Dwain Northey (Gen X)

There’s apparently a magical dividing line in America, and it has nothing to do with morality, violence, or even whether people are dead. No, the dividing line is whether your name sounds like it belongs on a Fox News chyron next to the words “suspected extremist” or whether it sounds like the guy grilling hot dogs at the Fourth of July parade while ranting about “protecting freedom.”

If your name is Mohammed, Miguel, or Carlos, and you so much as raise your voice in public after someone rear-ends your car, congratulations — half the country is ready to convene a Senate hearing on “the growing threat.” Suddenly every cable news expert becomes a body language analyst. “Did you see the intensity in his eyes?” Yeah, Karen, he just got hit by a Buick.

But if your name is Kyle, Donald, or John, and you walk into a Walmart dressed like you’re auditioning for a low-budget militia documentary carrying enough firepower to invade a small nation? Well, now everybody has to be “careful” not to politicize the tragedy. Thoughts and prayers. Candlelight vigils. Long discussions about mental health. Maybe a profile from old classmates saying, “He was always quiet.”

Quiet? So is a rattlesnake before it bites somebody.

And somehow the conversation always circles back to how this is “the price of freedom.” Really? Interesting definition of freedom we’ve got going here. Apparently freedom means elementary school children practicing active shooter drills before they can spell the word “constitution.” Freedom means parents getting texts from schools that begin with, “This is not a drill.” Freedom means we’ve normalized body armor for third graders while lawmakers wear AR-15 lapel pins like they’re merit badges from the world’s dumbest Boy Scout troop.

Meanwhile, if a brown guy leaves a backpack unattended at an airport for six seconds because he had to tie his shoe, Homeland Security suddenly acts like they’re reenacting a season finale of 24. Entire terminals locked down. Bomb squads. News helicopters. “Possible terror incident.”

But some pale dude posts a 900-page manifesto online filled with racist conspiracy theories, then drives three states over with assault rifles and murders innocent people? Ah, tragic lone wolf. Just another isolated incident. Amazing how isolated these incidents are when they happen every other week.

And I’m exhausted pretending we don’t all see it.

We’ve created this absurd double standard where melanin automatically equals suspicion while whiteness comes with an endless reserve of excuses. One group gets treated like they’re guilty before they even speak. The other gets every possible benefit of the doubt after they’ve literally opened fire.

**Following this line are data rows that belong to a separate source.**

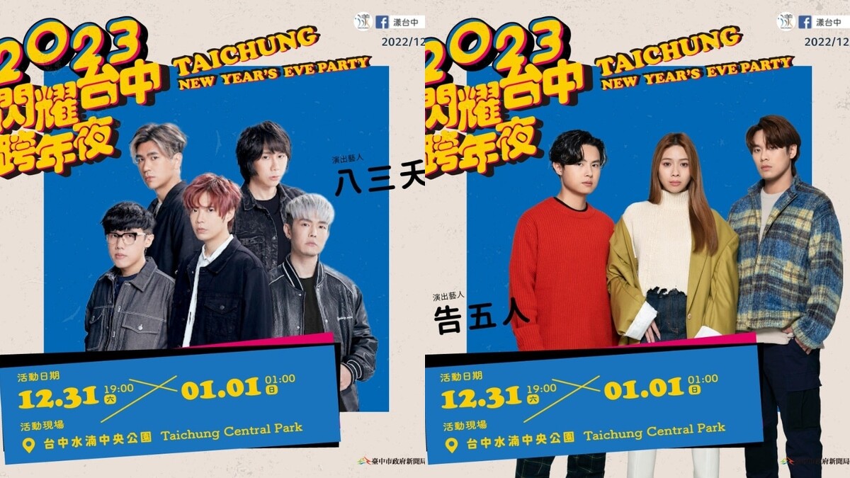 壓軸宣布跨年盛事的2023台中跨年,主打全台卡司最強、活動場地最廣、國際化最吸睛、煙火綻放最美等4大特色,卡司有周興哲、原子少年天王星、韓國音樂才子SHAUN、八三夭、Bii畢書盡、林宥嘉、閻奕格等超過20組藝人樂團,從快歌到情歌通通有,活動長達6小時。
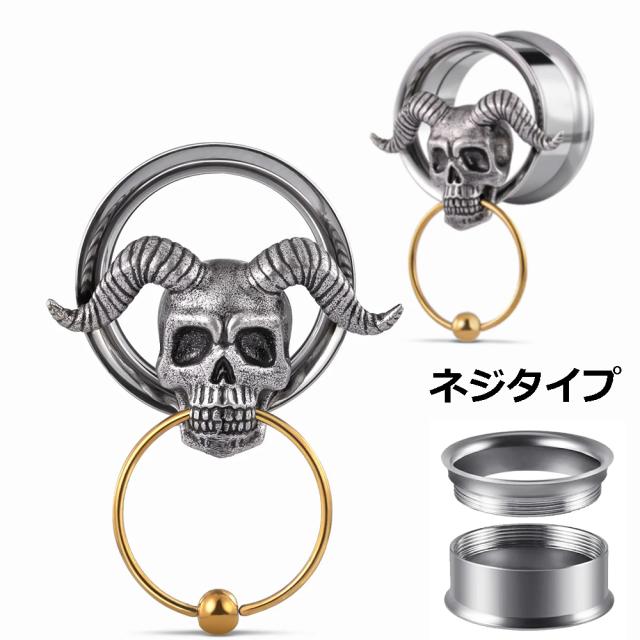 ネジタイプのダブルフレアの中に立体的な金色のキャプティブビーズリングを口にくわえたサタンの山羊の角をつけたドクロをデザインした不気味なホール系ボディピアス。
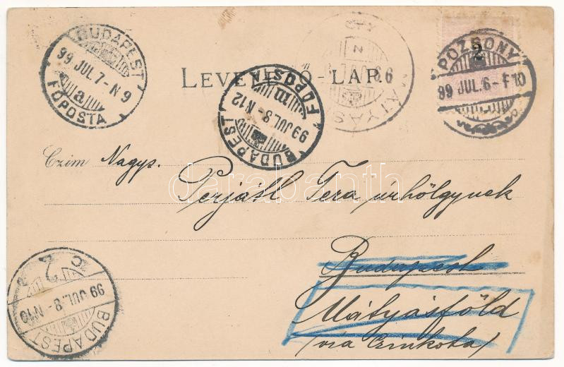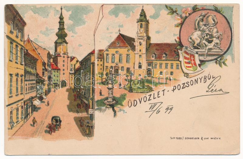 Leírás: 1899 (Vorläufer) Pozsony, Pressburg, Bratislava; Mihály kapu utca, Városháza. Schneider & Lux / street, gate, town hall. Art Nouveau, floral, litho (EK)
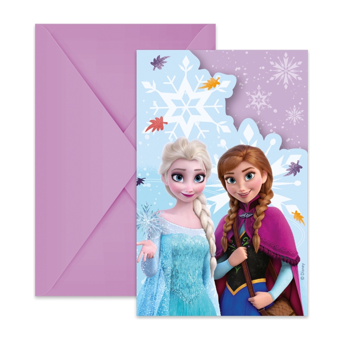 Uitnodigingen met het bekende ontwerp van Elsa en Anna, speciaal voor kinderfeestjes.
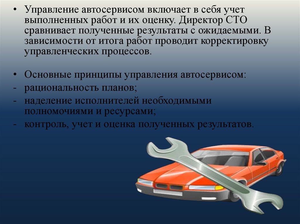 • Управление автосервисом включает в себя учетвыполненных работ и их оценку. Директор СТО
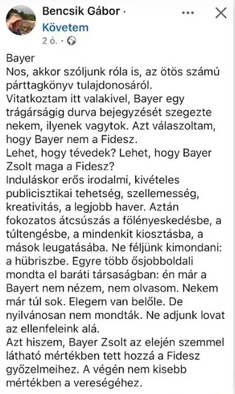 „Vitatkoztam itt valakivel, Bayer egy trágárságig durva bejegyzését szegezte nekem, ilyenek vagytok. Azt válaszoltam, hogy Bayer nem a Fidesz. Lehet, hogy tévedek Lehet, hogy Bayer Zsolt maga a Fidesz?” – tette fel a kérdést Bencsik Gábor, a Magyar Krónika főmunkatársa, a Magyar Demokrata újságírója a Facebookon, vette észre a Telex.
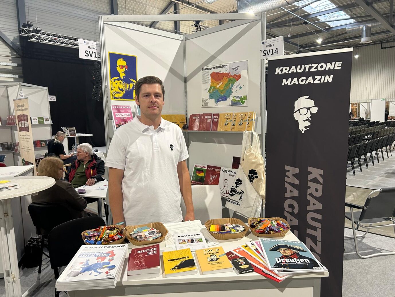 09:00 Uhr: Der Stand des Gerhard-Hess-Verlag wurde bereits am Vortag aufgebaut. „Unser Stand ist klein, aber fein. Zum Glück verlief der Aufbau gut“, berichtet uns eine Mitarbeiterin. Alles sei „eng beieinander“. Der Verlag bietet unter anderem Übersetzungen von Alain de Benoist, einen Roman des Bruders von Benjamin Netanjahu, Iddo Netanjahu, und ganz neu, das Sachbuch „Kriegstüchtig oder postheroisch?“ von Reiner Fink, an.
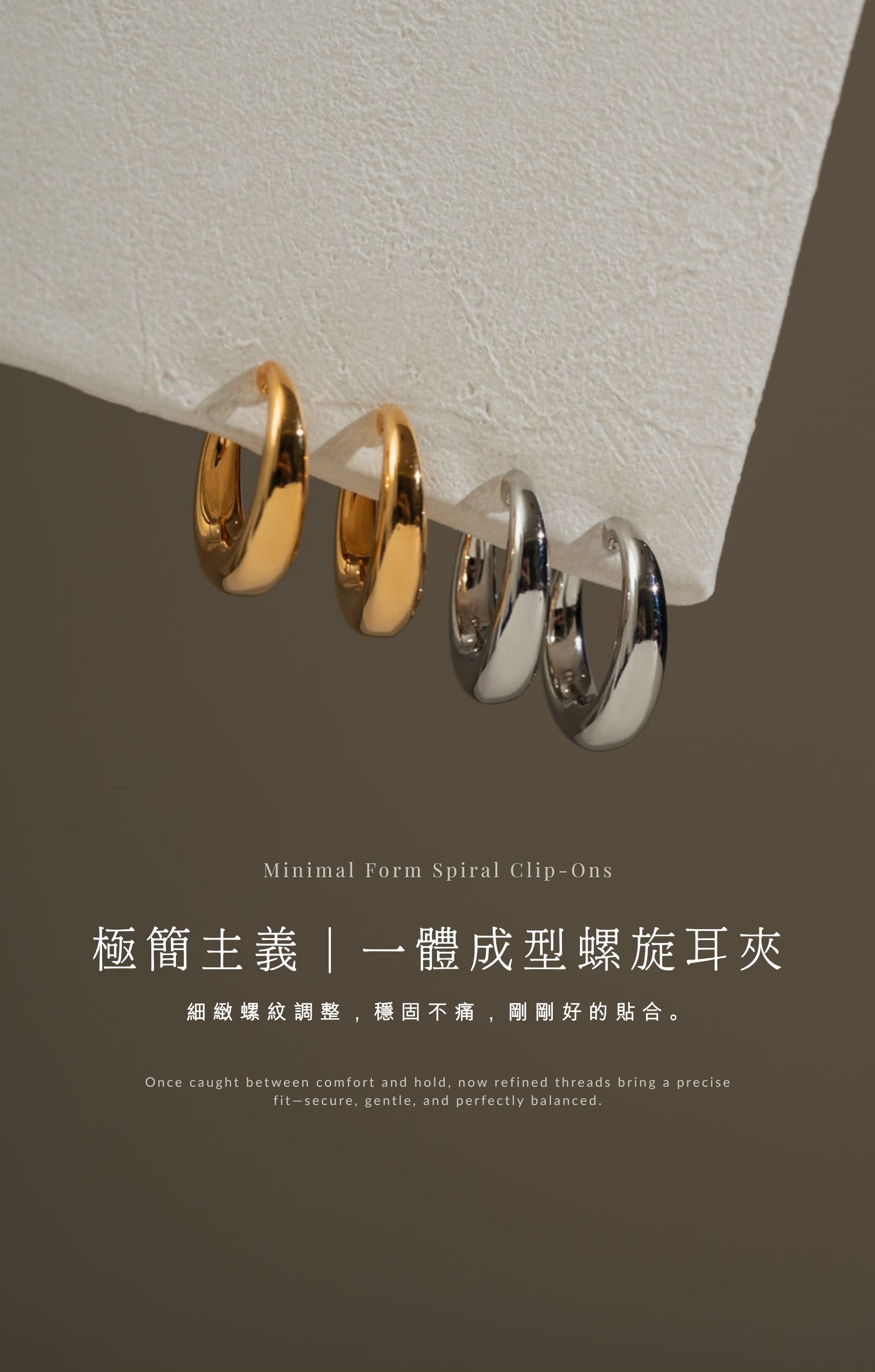 自訂款 | 貼耳麻花小 C 圈.蚊香盤耳夾 - 銀色/玫瑰金色
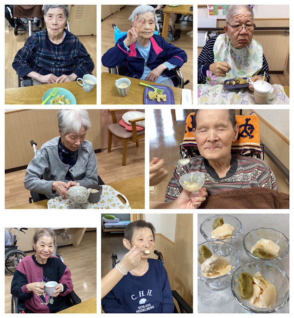 ほうじ茶ラテと鬼まんじゅうでティータイムです。バニラアイスとお芋ペーストで食べて頂いた方もあります。皆さま大好きなお芋のデザートで楽しい時間を過ごせました。

The irony is staggering. The same people screaming about “law and order” are often the first to explain away domestic terrorism when the perpetrator looks like their nephew Chad who “just got mixed up online.” Funny how terrorism only counts when it comes with an accent.

And before somebody inevitably clutches their pearls and says, “Don’t make this about race,” I’d love to hear what alternate magical explanation exists for why entire communities are treated like suspects while others are treated like unfortunate misunderstandings. Because from where I’m sitting, the pattern isn’t subtle anymore. It’s tattooed across our politics, our media, and our justice system in neon lights.

At this point, America doesn’t have one definition of terrorism. It has a sliding scale based on skin tone, surname, and whether the shooter’s yearbook photo looks like he once played JV baseball.

And we all know it. Some people are just more comfortable lying about it than others.